Saturday, March 28, 2009

Delete the repeated word?

ABM missile - Anti Ballistic Missile missile

AC current - Alternating Current current

ATM machine - Automated Teller Machine machine

BASIC code - Beginners All-purpose Symbolic Instruction Code code

CAD design - Computer-Aided Design design

CD disks - Compact Disk disks

CNN news network - Cable News Network news network

EMS Service - Emergency Medical Service Service.

GMT time - Greenwich Mean Time time

HIV virus - Human Immunodeficiency Virus virus

ISBN number - Intenational Standard Book Number number

ISDN network - Integrated Services Digital Network network.

LCD display - Liquid-Crystal Display display

NATO organization - North Atlantic Treaty Organization organization

PIN number - Private Identification Number number

RAM memory - Random Access Memory memory

SAT test - Scholastic Aptitude Test test


Do you realize that we are repeating the last word like an echo. This needless repetition of an idea in a different word or phrase or sentence is known as pleonasm . It is also known as redundancy or tautology.


Ponder over expressions as

climb up

ice cold

completely blind

freezing cold

handwritten manuscript

invited guests

pre planning

refer back

This is due to the influence of foreign languages on English . It is used deliberately for emphasis or from lack of realization that the words are redundant.

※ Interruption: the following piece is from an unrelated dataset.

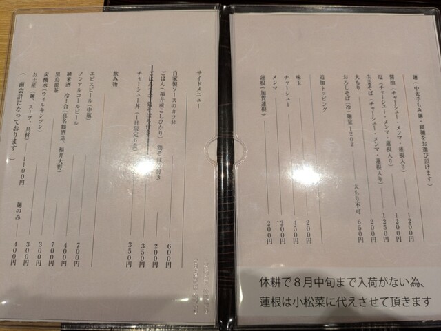 平日の11時30分ごろ5組ほど待ってたので整理券を発行して列に並ぶ。午前中は、並ぶ場所がギリギリ日陰なのでよい。今回は生姜そばと限定6食のチャーシュー丼を注文、麺はもちろん手打ちちぢれ麺、チャーシュー丼は私で最後でしたラッキー。

Does it not look like the opposite of oxymoron.

Thursday, March 26, 2009

Departure after death

What happens after you die?
Everyone mourns.
What happens to your body?

Some people would sigh and say "After I am dead why would I worry about what happens to me." A few are definite about the way they want to go. Unfortunately many are too late in deciding and have to leave it to the living. While complacent others have no choice but to abide by their religious norms.

The practice of disposing of bodies by burning is almost as old as the human race itself and has been practised by many civilizations.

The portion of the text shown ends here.